2.04.2026

"New Bill Aims to Cap Insulin Costs at $35 Monthly"

NEW YORK (AP) — Two-year-old Bain Brandon has Type 1 diabetes and needs insulin to live

NEW YORK (AP) – Two-year-old Bain Brandon is living with Type 1 diabetes, requiring insulin for survival. Despite having health insurance, the cost remains significant. Recently, Bain's family paid $194 for a one-month supply of insulin vials and a three-month stock of backup pens. His mother, Marlee Brandon, a 29-year-old, expresses concern about future affordability once Bain is no longer covered under their insurance. “One day, Bain will be an adult, and he won’t be able to be on our insurance anymore,” she stated, highlighting the challenges many families face concerning the high cost of diabetes management.

In response to the urgent need for affordable insulin, a bipartisan group of senators is advocating for the INSULIN Act, which aims to cap the cost of insulin at $35 per month for Americans with private insurance plans. This bill, introduced by Senators Jeanne Shaheen (D-Maine), Raphael Warnock (D-Ga.), Susan Collins (R-Maine), and John Kennedy (R-La.), also proposes a pilot program to increase affordable insulin access for uninsured individuals in ten states. Previously, a similar measure was part of the 2022 Inflation Reduction Act, which successfully capped insulin costs at $35 per month for Medicare beneficiaries.

Despite the support behind this legislation, it faces numerous challenges, including concerns over costs and other competing congressional priorities. Nonetheless, this presents a unique opportunity for bipartisan support on healthcare affordability, especially as rising healthcare expenses are a concern for voters across party lines.

In the United States, approximately 8.1 million individuals rely on insulin, including over 2 million diagnosed with Type 1 diabetes, who depend on regular access to insulin to survive. The cost of insulin varies significantly among patients, with some individuals with private insurance incurring minimal out-of-pocket expenses, while others may face monthly costs totaling hundreds of dollars — in addition to other diabetes-related expenses such as pumps and blood glucose monitors.

Following the 2022 legislation that lowered out-of-pocket insulin costs for Medicare participants, more than half of U.S. states have implemented their own co-pay caps for insulin, ranging from $25 to $100 per month, benefiting those with state-regulated insurance.

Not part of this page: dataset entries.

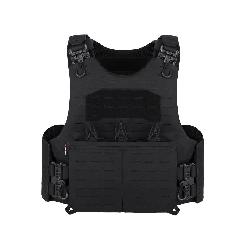 The Yakeda VT-8545 tactical vest in black is a minimalistic plate-carrying solution designed for fast deployment, easy access and lightweight loadout management. Its one-shoulder configuration allows the user to quickly equip or remove the vest using the integrated quick-release system.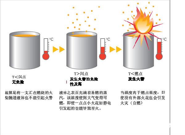 易燃性 (或可燃性) 是與化學材料相關的最常見的物理危害。對閃點的了解,可燃液體的特性及與燃點的不同,其它特性都對于化學材料的可燃的風險意識起著重要的作用。閃點及燃點都是一個溫度值,并且都與著火的可能性相關。閃點溫度,是指有點火源的情況下,并且在敞開的液體容器上有足夠的空氣時,燃燒便會發生。燃點溫度 (遠高于閃點溫度),是指當時環境產生的熱量足夠點燃材料。例如在實際操作中,如果化學液體的閃點低于工廠典型溫度(例如<35攝氏度) , 對這些化學品的儲儲和使用要特別加以關注。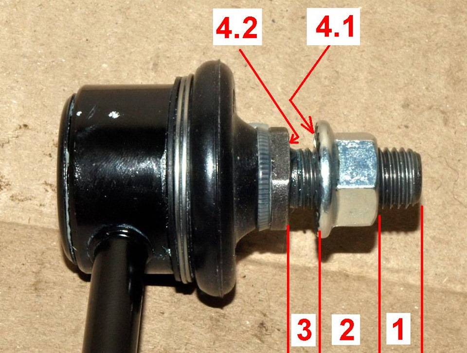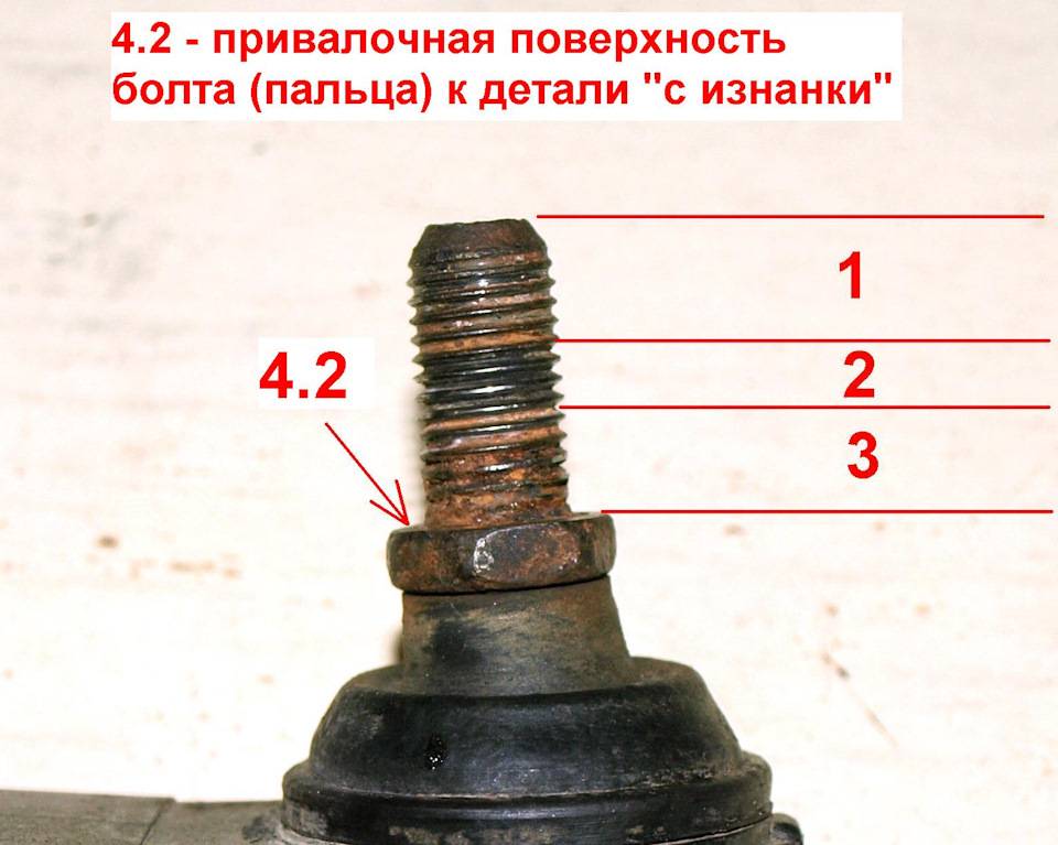Зона 3.Это зона, где сопрягаются 2 детали. Например, головка стойки стабилизатора вставлена в стабилизатор или стойку подвески (как в нашем случае).На этом участке болт контактирует с воздухом и при попадании воды (ей в эту зону проникнуть гораздо легче, чем во 2ю) легко кородирует.Исключение — плотная конусная посадка как у шаровых или рулевых пальцев, которую можно отнести к зоне 2.

Major insulin manufacturers, including Eli Lilly, Sanofi, and Novo Nordisk, have also made efforts to reduce insulin prices through various strategies, such as lowering list prices and capping out-of-pocket costs. However, a significant portion of patients remains uncovered, particularly those with self-insured plans or the uninsured.

Dr. Leslie Eiland, an endocrinologist at the University of Nebraska Medical Center, indicates that the burden often falls on patients to navigate these financial challenges independently. Sanofi’s head of general medicines for North America, Oliver Bogillot, asserts that “no one should struggle to afford their insulin,” while also promoting the company's savings program aimed at individuals without health insurance. Novo Nordisk has stated its commitment to improving access without raising list prices for insulin in the near future. However, there are ongoing concerns that pharmacy benefit managers and insurers create barriers that prevent patients from accessing necessary medications.

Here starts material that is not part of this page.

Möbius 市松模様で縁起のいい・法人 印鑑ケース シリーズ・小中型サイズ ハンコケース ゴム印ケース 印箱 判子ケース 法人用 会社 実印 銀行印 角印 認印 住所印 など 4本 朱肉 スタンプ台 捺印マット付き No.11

The INSULIN Act aims to provide relief for many but faces barriers, as previous attempts to pass similar measures have been unsuccessful; notably, efforts in 2022 to cap insulin costs for those with private insurance were thwarted in the Senate. Diabetes advocates and patients maintain hope for the passage of the new bill. Breana Glover, a 23-year-old who relocated to Texas for more affordable living conditions due to her diabetes expenses, describes her financial balancing act. She limits her carbohydrate intake to make her insulin supply last longer, and believes that a $35 cap would be a significant step towards making essential medicines more accessible and easing financial burdens.

Manny Hernandez, CEO of The Diabetes Link, notes that young adults, who often face barriers to obtaining comprehensive health insurance, would particularly benefit from the proposed legislation. While he sees potential for the bill, he fears that competing priorities may impede its progress. “There’s many distractions and there’s many important things going on,” he commented, but maintains a hopeful outlook for the future of insulin affordability.